Exercises that improve your balance and strengthen your muscles can help to prevent falls. Pai and his colleagues have also found that people can be trained to avoid falls if they practice walking over unstable—but safe—surfaces in the laboratory. “People age 65 and older can adapt and remember remarkably well how to keep their body posture upright when disturbances occur in the environment if they’ve encountered similar situations 2 or 3 times before,” Pai says.
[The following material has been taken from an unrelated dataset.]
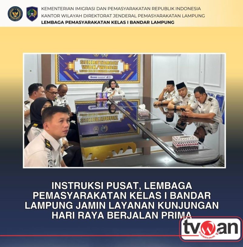 Tvwan.Id | Bandar Lampung,– Menjelang datangnya Hari Raya Idul Fitri tahun 1447 Hijriah, persiapan layanan tatap muka bagi keluarga warga binaan terus dimatangkan secara menyeluruh. Guna menyamakan persepsi dan memastikan kesiapan di lapangan, Kepala Lembaga Pemasyarakatan Kelas I Bandar Lampung, Ike Rahmawati, beserta seluruh jajaran pejabat struktural mengikuti kegiatan Pengarahan Kesiapan Layanan Kunjungan Hari Raya pada Selasa pagi, 17 Maret.

Biomechanics can also be used to guide treatments for movement problems. Weiss uses computer models to look at how hip joints are stressed when someone walks or travels up and down stairs. He’s analyzing both normal hips and those with a condition called hip dysplasia. “Hip dysplasia produces an instability that can lead to early onset of arthritisSwelling (inflammation) in one or more of your joints, leading to pain and loss of motion. over time,” Weiss says. Eventually, these computer models might help doctors choose appropriate treatments and figure out which patients could benefit from surgery.

People with cerebral palsy, Parkinson’s disease and multiple sclerosis could also benefit from biomechanical analysis. “We use motion tracking to look at how well these patients are walking and what might be wrong, so we can try to do something about it,” says Dr. Diane Damiano, a physical therapist who heads biomechanics research at the NIH Clinical Center in Bethesda, Maryland. “We focus on helping patients to strengthen their muscles and work to improve their balance and coordination. We’re also looking at brain activation while they’re moving. That can give us clues to how these movements are controlled by the brain.”

Muscle strengthening and proper joint alignment are important for just about anyone who wants to stay flexible and mobile. “The bottom line is that everybody needs to be active,” Damiano says. “We want to make it so that all people can move better, regardless of their age or health condition.”